Thanks again for the review.

I'll push this once the test question above is resolved.

-- >8 --
From a link below:
"An issue was discovered in the Bidirectional Algorithm in the Unicode
Specification through 14.0. It permits the visual reordering of
characters via control sequences, which can be used to craft source code
that renders different logic than the logical ordering of tokens
ingested by compilers and interpreters.
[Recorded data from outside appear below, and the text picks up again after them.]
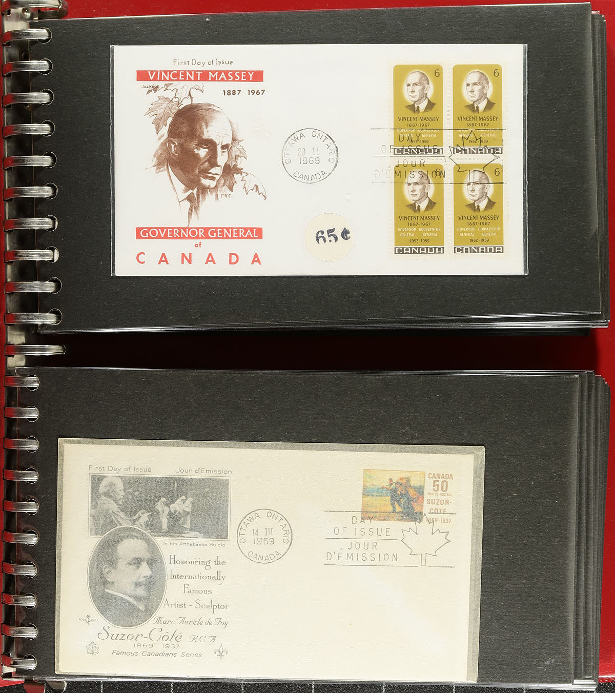 Lovely collection of private cachet Canada first day covers, 1962-1972, containing roughly 225 covers in 3 first day cover albums. We note primarily single frankings, along with a few blocks, noting some issues have both, and includes cachet makers Caneco, ARC, Rose Craft and Cole, with a few issues having a few different cachets. A lovely collection as most covers are in sparkling condition, ideal for collectors and dealers alike. Estimate =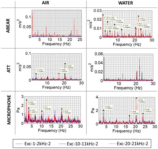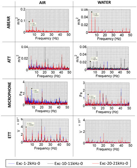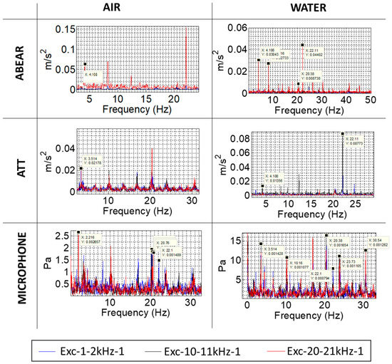 The results for the stationary sensors are shown in Figure 8. The accelerometer located in the bearing (ABEAR) presents similar results than the one located in the shaft (ASH in Figure 7): it detects the rotating frequency and its harmonics, especially in the high-frequency band (20–21 kHz). However, the rest of sensors from the stationary frame also detect the rotating frequency of the motor (20.5 Hz), its harmonics, and its subharmonics. This is because the vibration of the motor at its rotating frequency is also transmitted through the air and through the support, which is the same piece as the rest of the casing. Therefore, stationary sensors, especially the microphone and the AE sensors in the casing, in this case, are also affected by the motor vibration and not only by the vibration of the rotating part. This is a particular situation in this test rig, but it has to be considered for the analysis of the results. Even so, the accelerometer located in the casing (ATT) is able to detect the rotating frequency of the disk in the case of water for the excitation of 10–11 kHz, where the transmission is better through the liquid, as commented in Section 3.1.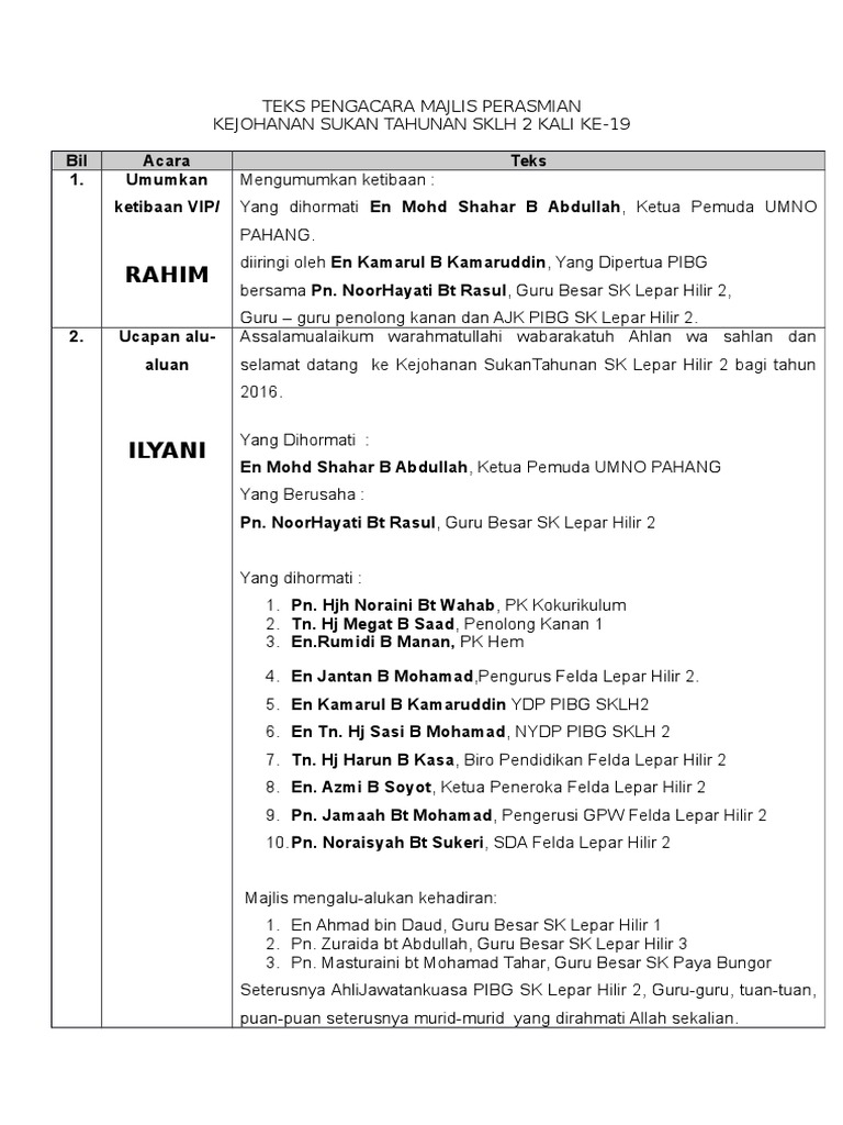 Anugerah ini diberikan berdasarkan pencapaian yang cemerlang dalam sukan dan kekerapan penyertaan dalam. Mengumumkan ketibaan yang berbahagia en. Sebelum ini saya pernah dilantik dan dijemput mengacara teks pengacara majlis. 10.0 penutup adalah diharapkan program ini berjalan lancar dan mencapai objektif yang disasarkan. Teks pengacara majlis untuk ceramah program kesedaran & pencegahan malaria sempena sambutan hari malaria sedunia peringkat negeri pahang.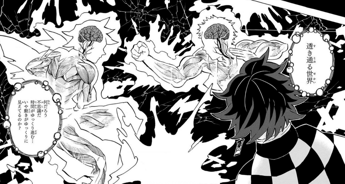 鬼滅の刃152話にて、透き通る世界に入った炭治郎のセリフ。ここにきて覚醒に至る炭治郎。少年漫画の王道であり、やはりこういうシーンは熱い。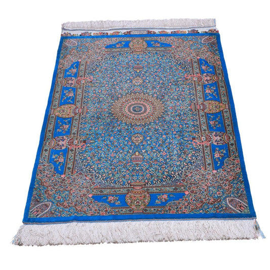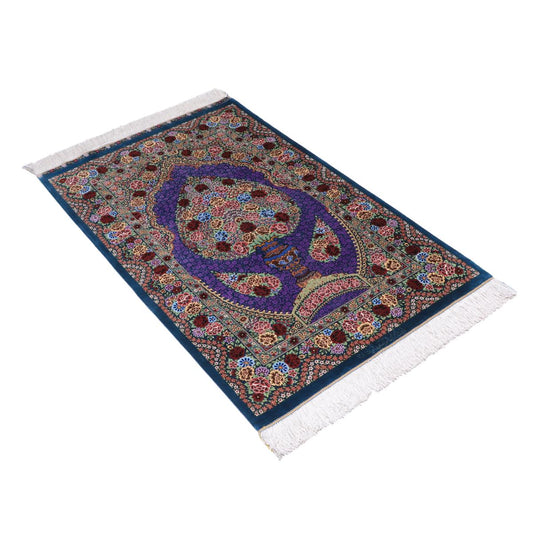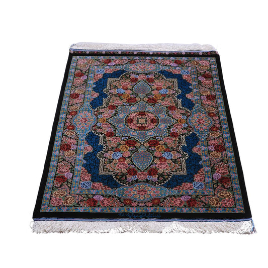 高級ペルシャ絨毯(シルク100%)クム 126×82cm(FN-70296)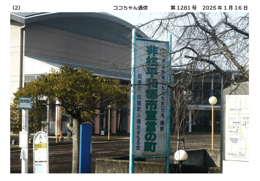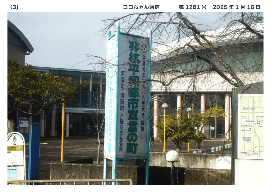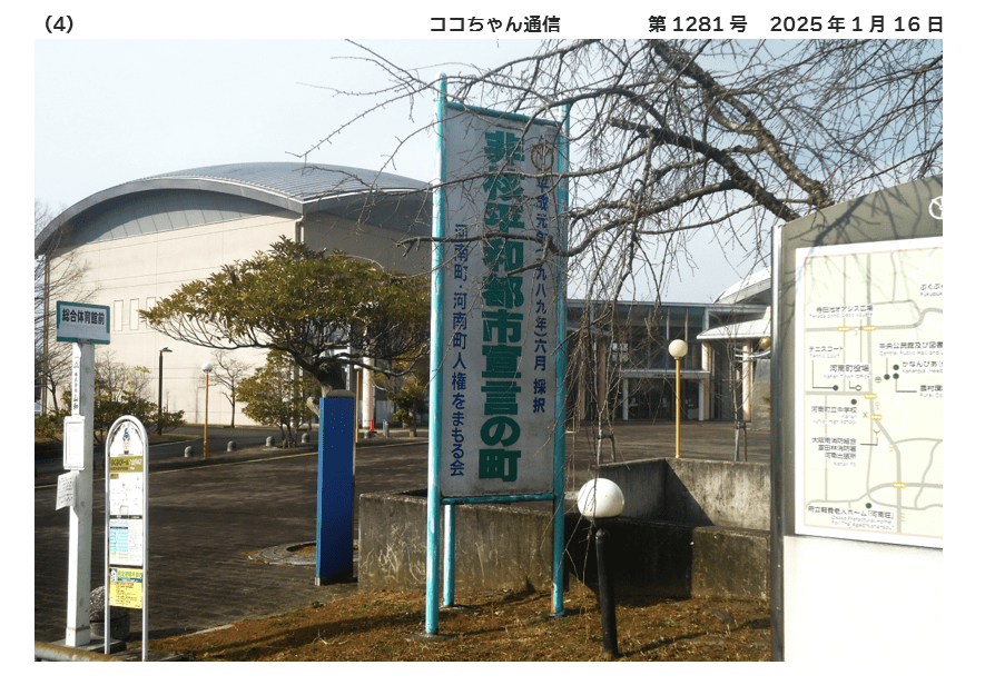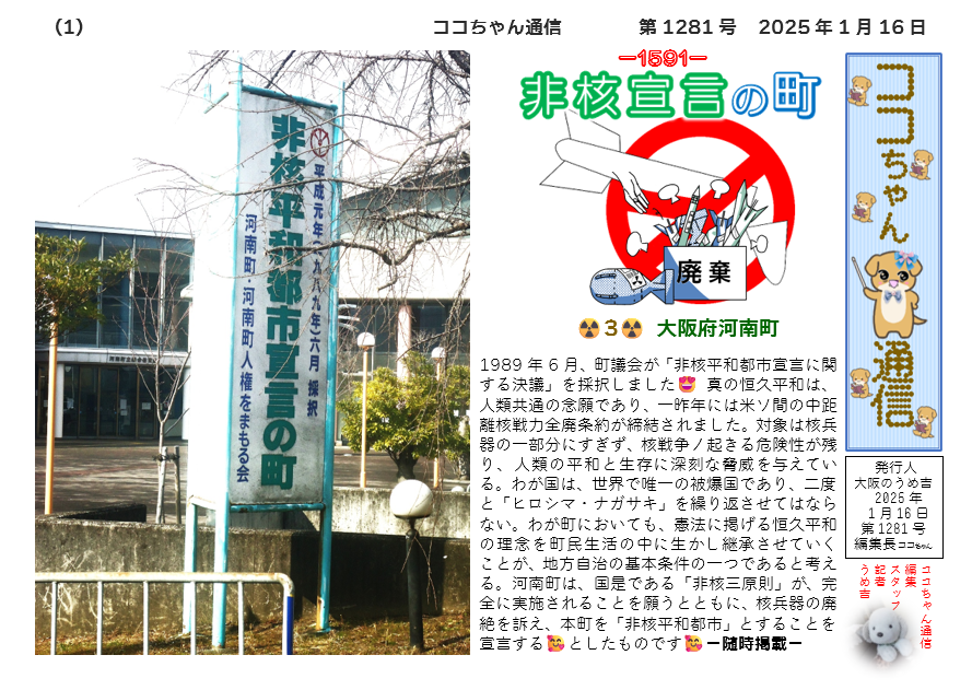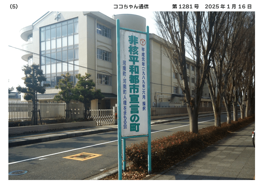 1989年6月、町議会が「非核平和都市宣言に関する決議」を採択しました😍 真の恒久平和は、人類共通の念願であり、一昨年には米ソ間の中距離核戦力全廃条約が締結されました。対象は核兵器の一部分にすぎず、核戦争ノ起きる危険性が残り、人類の平和と生存に深刻な脅威を与えている。わが国は、世界で唯一の被爆国であり、二度と「ヒロシマ・ナガサキ」を繰り返させてはならない。わが町においても、憲法に掲げる恒久平和の理念を町民生活の中に生かし継承させていくことが、地方自治の基本条件の一つであると考える。河南町は、国是である「非核三原則」が、完全に実施されることを願うとともに、核兵器の廃絶を訴え、本町を「非核平和都市」とすることを宣言する🥰としたものです🥰-随時掲載-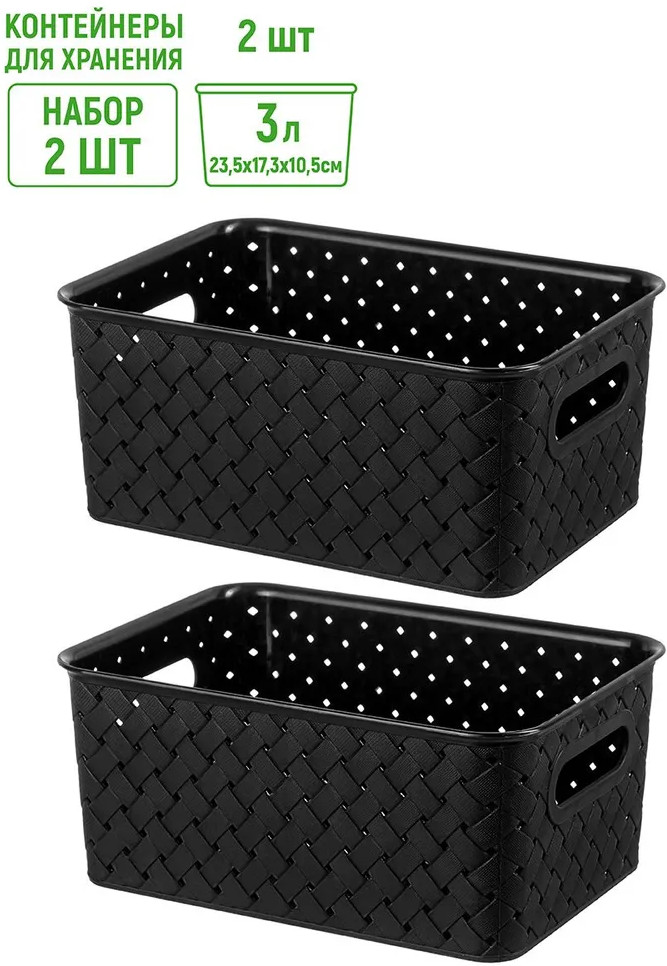 Набор из двух корзин по 3 литра с ручками можно разместить на кухне, в ванной, прихожей, офисе, гараже или в шкафу. Маленькие корзинки подойдут для бытовой химии, игрушек, одежды (для шапок, перчаток, белья, носков), канцелярии, косметики, украшений, рукоделия (для пряжи, вязания) и других мелочей. Коробки выполнены из пищевого полипропилена и украшены декоративными рельефными узорами с отверстиями для вентиляции. Полностью безопасны и подходят для продуктов. Используйте их для овощей, как хлебницы или фруктовые корзинки. Можно использовать как подарочные боксы: собрать наборы для мужчин и женщин, девушек и парней, мальчиков и девочек. Пластиковые корзины из серии «Береста» привлекательно выглядят и помогут создать систему для хранения вещей в едином стиле или гардеробную систему в вашей прихожей!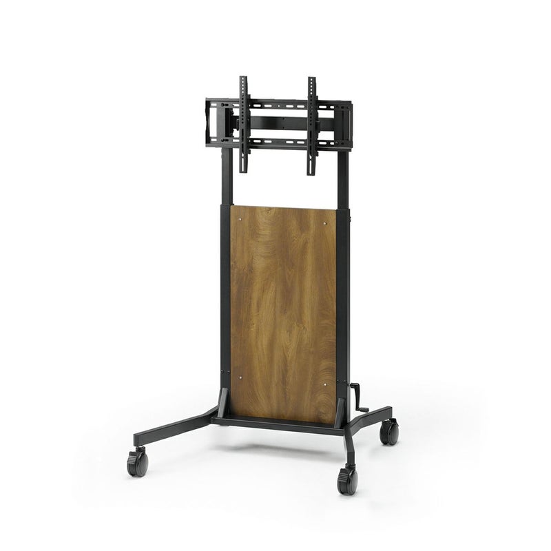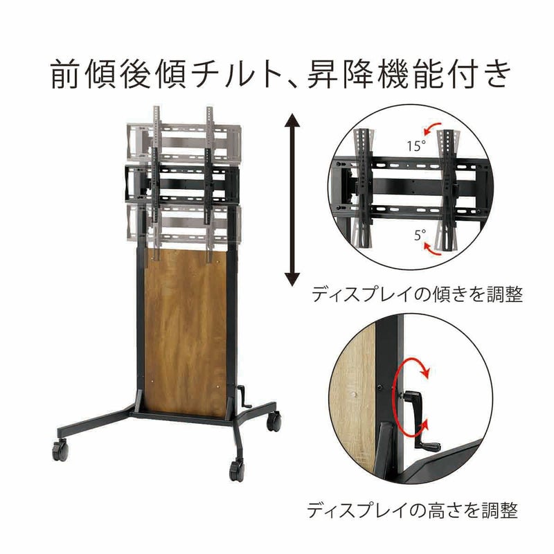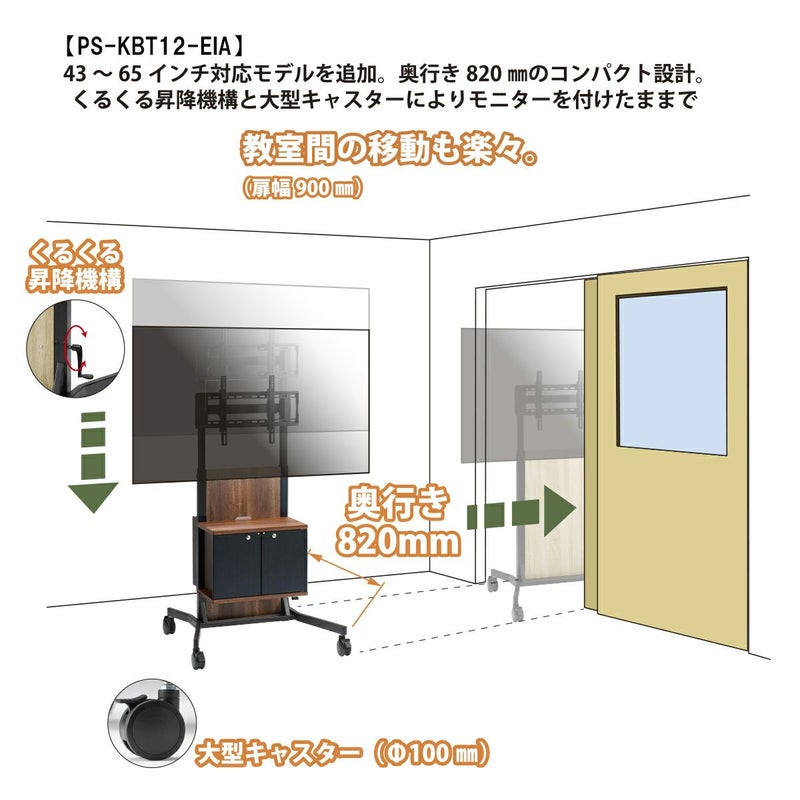 ハンドル式の昇降システムは、ディスプレイを設置したままでもラクラク昇降可能
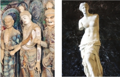 可是,“脅侍菩薩微笑著,在她低垂的眼中可能根本沒(méi)有勝負(fù)這回事。這種眼神是利他而非個(gè)人的……當(dāng)我們?cè)?5窟佛龕前微微俯下身子之時(shí),溫暖的奇跡出現(xiàn)了,她正慈祥地看著你。一位是由堅(jiān)硬的大理石所雕,另一位是由敦煌本地黏土所塑,維納斯和脅侍菩薩似乎代表了兩種生活態(tài)度。假如她們?cè)诒R浮宮中相遇,談?wù)撈鹈馈>S納斯可能會(huì)唱起女詩(shī)人薩福的詩(shī)歌:‘你愛(ài)的就是美的。這容易解釋。’脅侍菩薩則依然保持微笑,靜靜地看著維納斯”。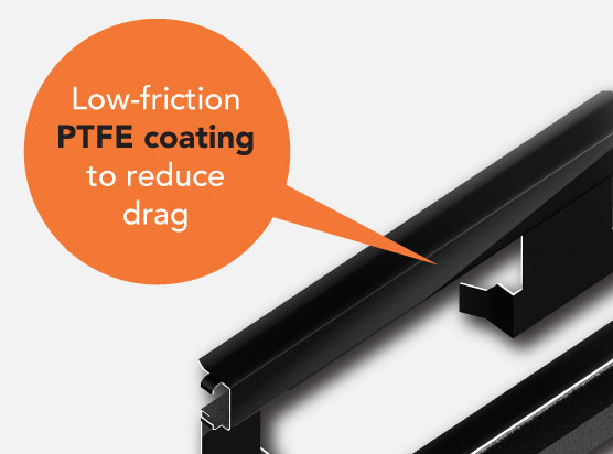 Using Polytetrafluoroethylene (PTFE) on one side of the brake clip allows the pads to slide more freely. As a result, QuietGlide® Brake Clips can reduce drag and wear on the pads and rotors, causing less friction and improved fuel efficiency.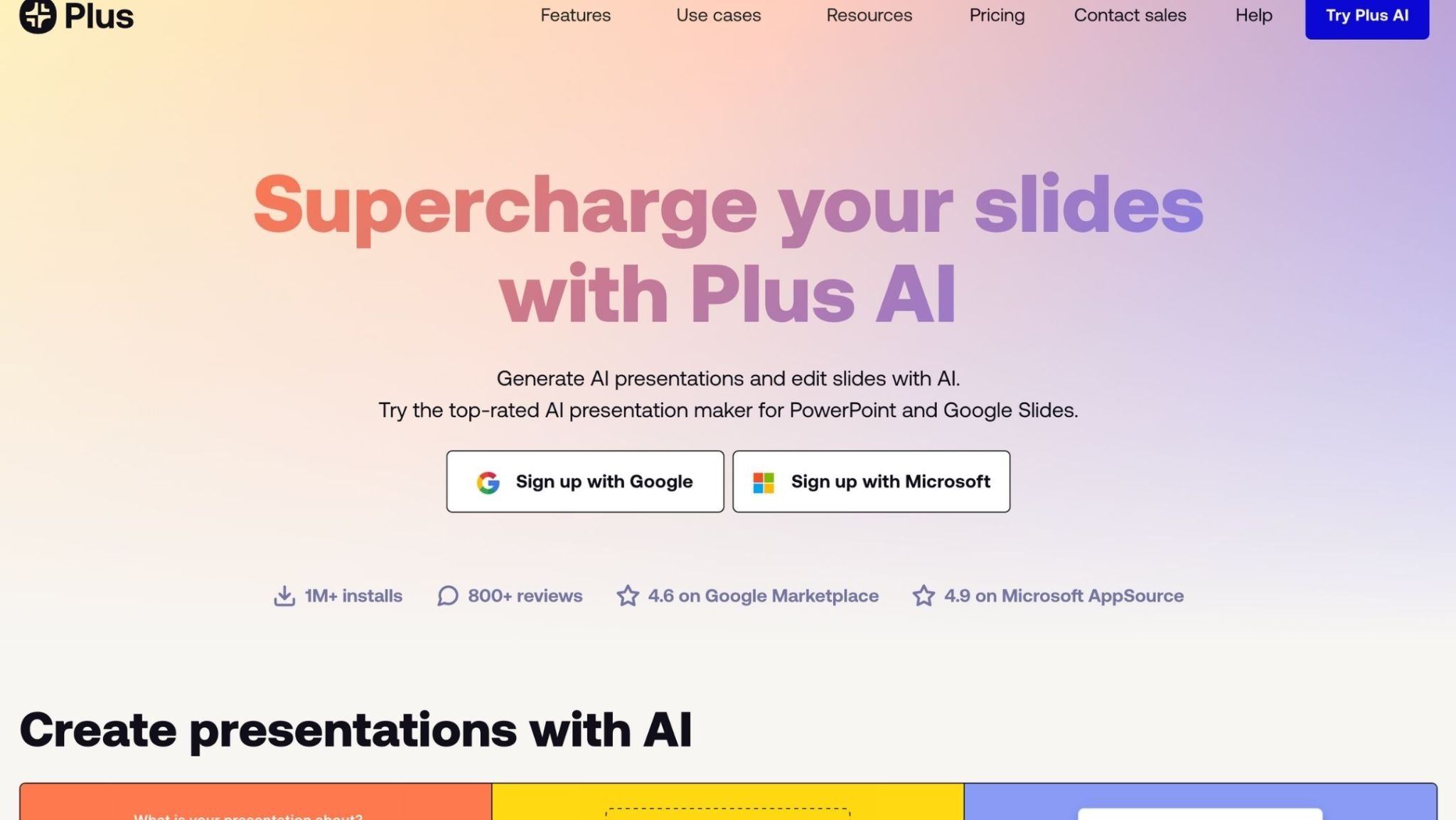 Plus AIは、PowerPointやGoogle Slidesと連携して使う拡張型のAIスライド作成ツールとして、アメリカのビジネスユーザーから評価されています。Gammaのようにゼロからスライドを生成するというよりも、既存のアウトラインやドラフト資料をAIで磨き上げる用途に強みがあります。文章からスライド化するだけでなく、構成の再整理、要点の簡潔化、スライド枚数の最適化などをAIが支援します。

Adversaries can leverage this to
encode source code for compilers accepting Unicode such that targeted
vulnerabilities are introduced invisibly to human reviewers."

More info:
https://nvd.nist.gov/vuln/detail/CVE-2021-42574
https://trojansource.codes/

This is not a compiler bug.  However, to mitigate the problem, this patch
implements -Wbidi-chars=[none|unpaired|any] to warn about possibly
misleading Unicode bidirectional control characters the preprocessor may
encounter.

The default is =unpaired, which warns about improperly terminated
bidirectional control characters; e.g. a LRE without its corresponding PDF.
The level =any warns about any use of bidirectional control characters.

This patch handles both UCNs and UTF-8 characters.  UCNs designating
bidi characters in identifiers are accepted since r204886.  Then r217144
enabled -fextended-identifiers by default.  Extended characters in C/C++
identifiers have been accepted since r275979.  However, this patch still
warns about mixing UTF-8 and UCN bidi characters; there seems to be no
good reason to allow mixing them.

We warn in different contexts: comments (both C and C++-style), string
literals, character constants, and identifiers.  Expectedly, UCNs are ignored
in comments and raw string literals.  The bidirectional control characters
can nest so this patch handles that as well.

I have not included nor tested this at all with Fortran (which also has
string literals and line comments).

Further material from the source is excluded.